**How to complete this task**
The data must be reproduced verbatim; images are to be omitted.

Data items:
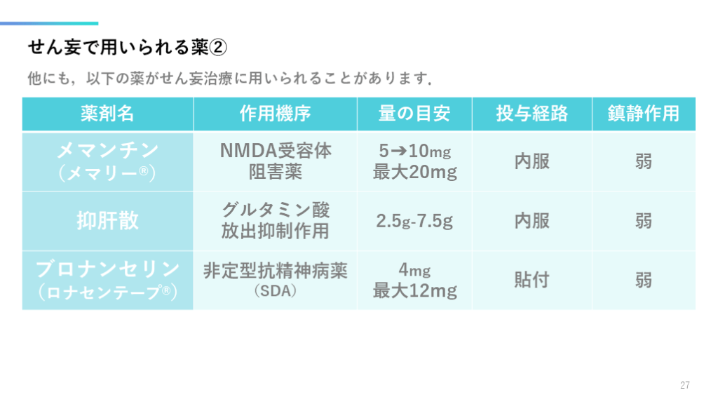 #27. 27 せん妄で用いられる薬② 他にも,以下の薬がせん妄治療に用いられることがあります.
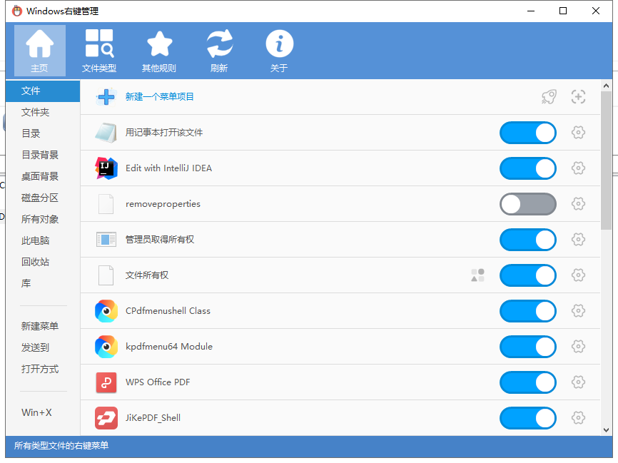 支持文件、文件夹、磁盘等位置的右键菜单项目增删,新建子菜单项增删、发送到子菜单项增删、打开方式子菜单项增删,自定义​扩展名文件右键菜单项目增删功能。
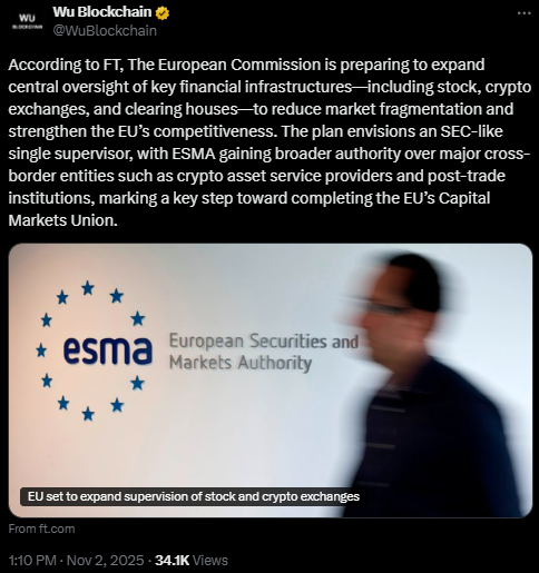 Risk assets caught a bid after the Senate advanced a bipartisan funding package to end the record-long government shutdown. Polymarket odds now show an 87% chance the shutdown ends by Nov. 15, which would restore critical data flow after two straight months of jobs and CPI blackouts. The news was particularly welcome for BTC, which had been struggling around the $100,000 mark all week and was down -10% before bouncing on the headlines. While the bill still needs House approval and Trump’s signature, markets are taking the procedural progress as the main risk-on catalyst, lifting global equities and futures.
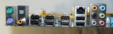 На задней панели, как отмечалось выше, расположены восемь портов USB2.0. Кроме них присутствуют стандартные для материнских плат такого уровня разъемы PS/2 для клавиатуры и мыши, а также шесть аудио-коннекторов. В дополнение к ним присутствует коаксиальный и оптический звуковой выход.
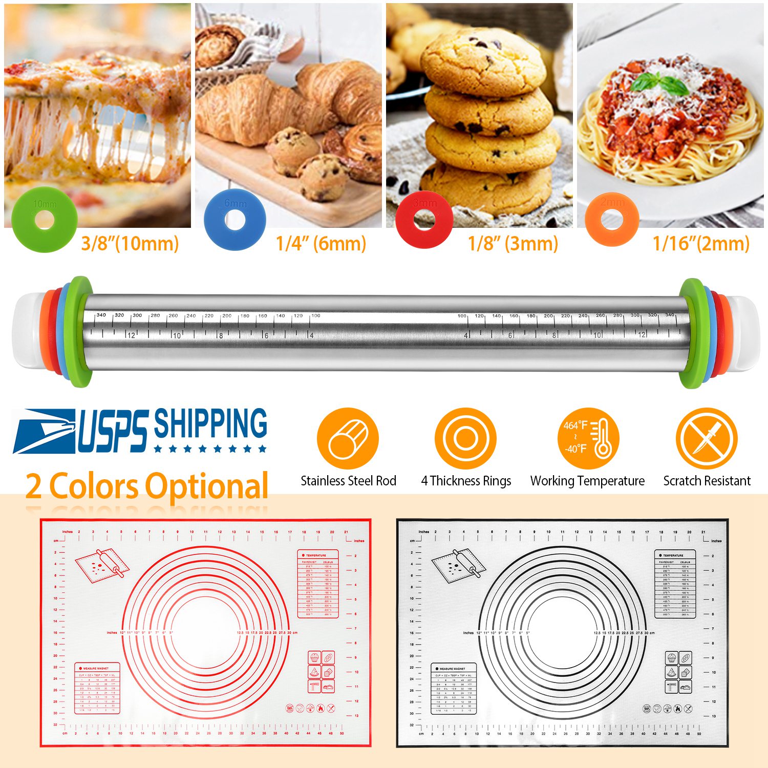 Dough Rolling Pin Dough Roller Stainless Steel Rolling Pins with 4 Removable Adjustable Thickness Rings and Rolling Mat for Baking Pizza Fondant Pie C
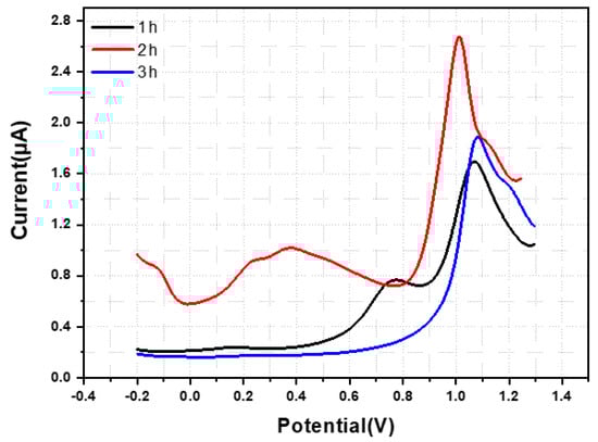 Figure 3 shows the electrochemical behavior based on the differential pulse voltammetry signal of the modified electrode by DNA in contact with the water samples for 1, 2, and 3 h. A significant effect induced by the different water samples on DNA activity was obtained during an exposure time of 2 h, which was selected as the optimal duration.
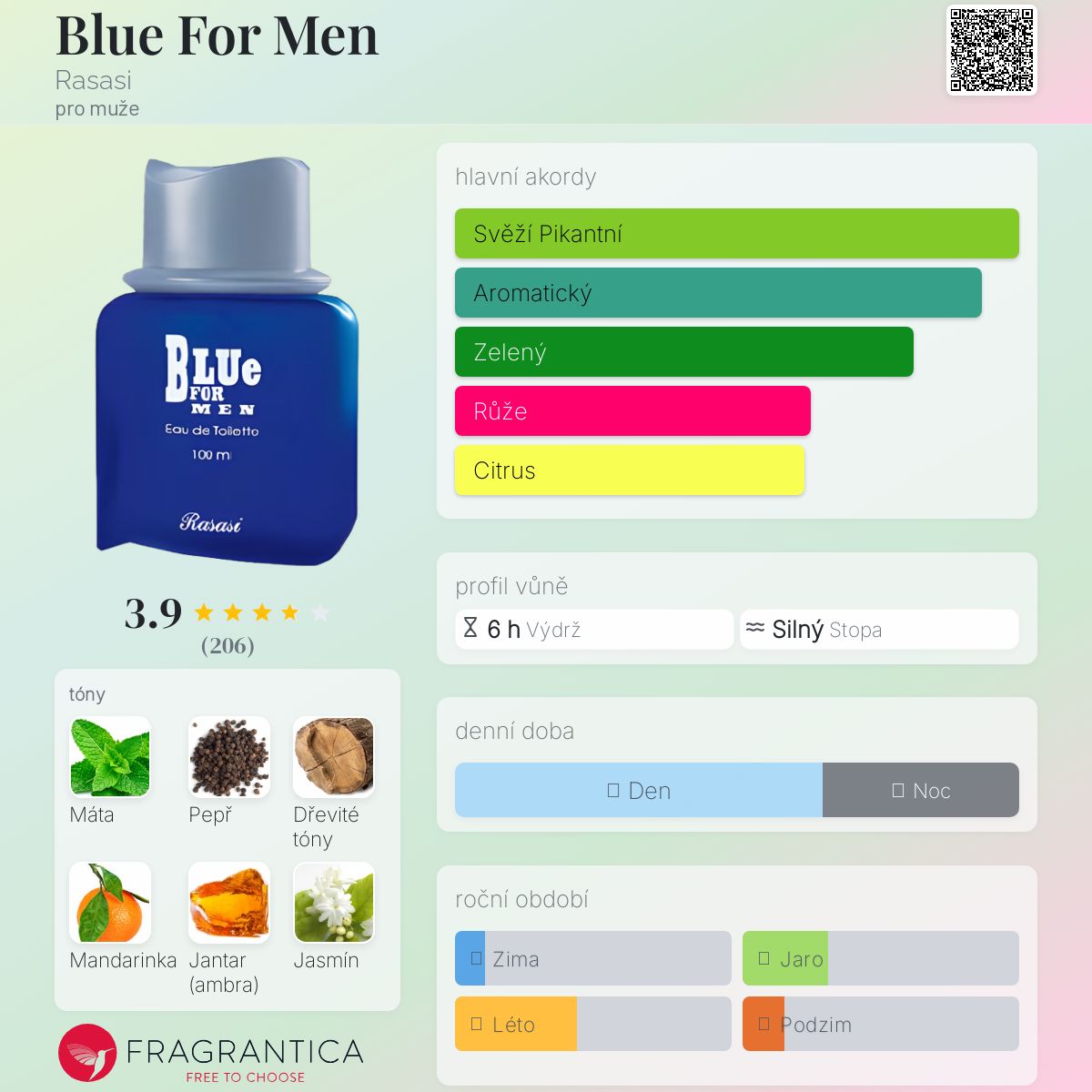 Blue For Men podle Rasasi je Aromatic Spicy vůně pro muže. Vrchní tóny jsou Máta a Mandarinka; střední tóny jsouPepř, Jasmín, Růže, Koriandr a Pelargónie ; základní tóny jsou Dřevité tóny a Jantar (ambra).
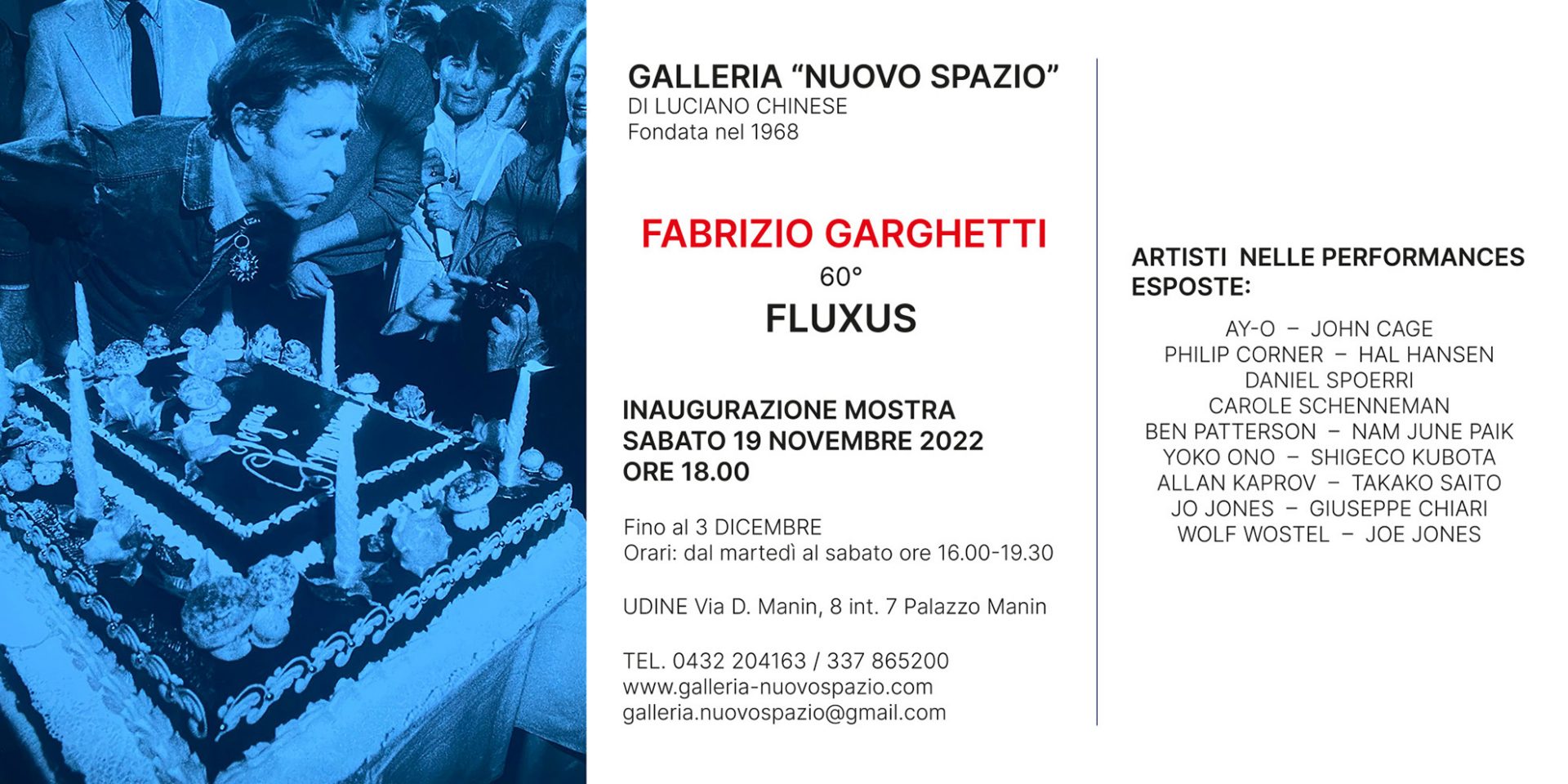 Gli artisti di Fluxus presentati alla galleria “Nuovo Spazio” di Udine attraverso le fotografie di Fabrizio Garghetti sono Ay O, John Cage, Philip Corner, al Hansen, Daniel Spoerry, Carole Schenneman, Ben Patterson, Nam June Paik, Yoko Ono, ShigekoKubota, Allan Kaprov, Takako Saito, Jo Jones, Giuseppe Chiari, Wolf Wostel, Joe Jones.

**Exercise answer**
 #27. 27 せん妄で用いられる薬② 他にも,以下の薬がせん妄治療に用いられることがあります.
 支持文件、文件夹、磁盘等位置的右键菜单项目增删,新建子菜单项增删、发送到子菜单项增删、打开方式子菜单项增删,自定义​扩展名文件右键菜单项目增删功能。
 Risk assets caught a bid after the Senate advanced a bipartisan funding package to end the record-long government shutdown. Polymarket odds now show an 87% chance the shutdown ends by Nov. 15, which would restore critical data flow after two straight months of jobs and CPI blackouts. The news was particularly welcome for BTC, which had been struggling around the $100,000 mark all week and was down -10% before bouncing on the headlines. While the bill still needs House approval and Trump’s signature, markets are taking the procedural progress as the main risk-on catalyst, lifting global equities and futures.
 На задней панели, как отмечалось выше, расположены восемь портов USB2.0. Кроме них присутствуют стандартные для материнских плат такого уровня разъемы PS/2 для клавиатуры и мыши, а также шесть аудио-коннекторов. В дополнение к ним присутствует коаксиальный и оптический звуковой выход.
 Dough Rolling Pin Dough Roller Stainless Steel Rolling Pins with 4 Removable Adjustable Thickness Rings and Rolling Mat for Baking Pizza Fondant Pie C
 Figure 3 shows the electrochemical behavior based on the differential pulse voltammetry signal of the modified electrode by DNA in contact with the water samples for 1, 2, and 3 h. A significant effect induced by the different water samples on DNA activity was obtained during an exposure time of 2 h, which was selected as the optimal duration.
 Blue For Men podle Rasasi je Aromatic Spicy vůně pro muže. Vrchní tóny jsou Máta a Mandarinka; střední tóny jsouPepř, Jasmín, Růže, Koriandr a Pelargónie ; základní tóny jsou Dřevité tóny a Jantar (ambra).
 Gli artisti di Fluxus presentati alla galleria “Nuovo Spazio” di Udine attraverso le fotografie di Fabrizio Garghetti sono Ay O, John Cage, Philip Corner, al Hansen, Daniel Spoerry, Carole Schenneman, Ben Patterson, Nam June Paik, Yoko Ono, ShigekoKubota, Allan Kaprov, Takako Saito, Jo Jones, Giuseppe Chiari, Wolf Wostel, Joe Jones.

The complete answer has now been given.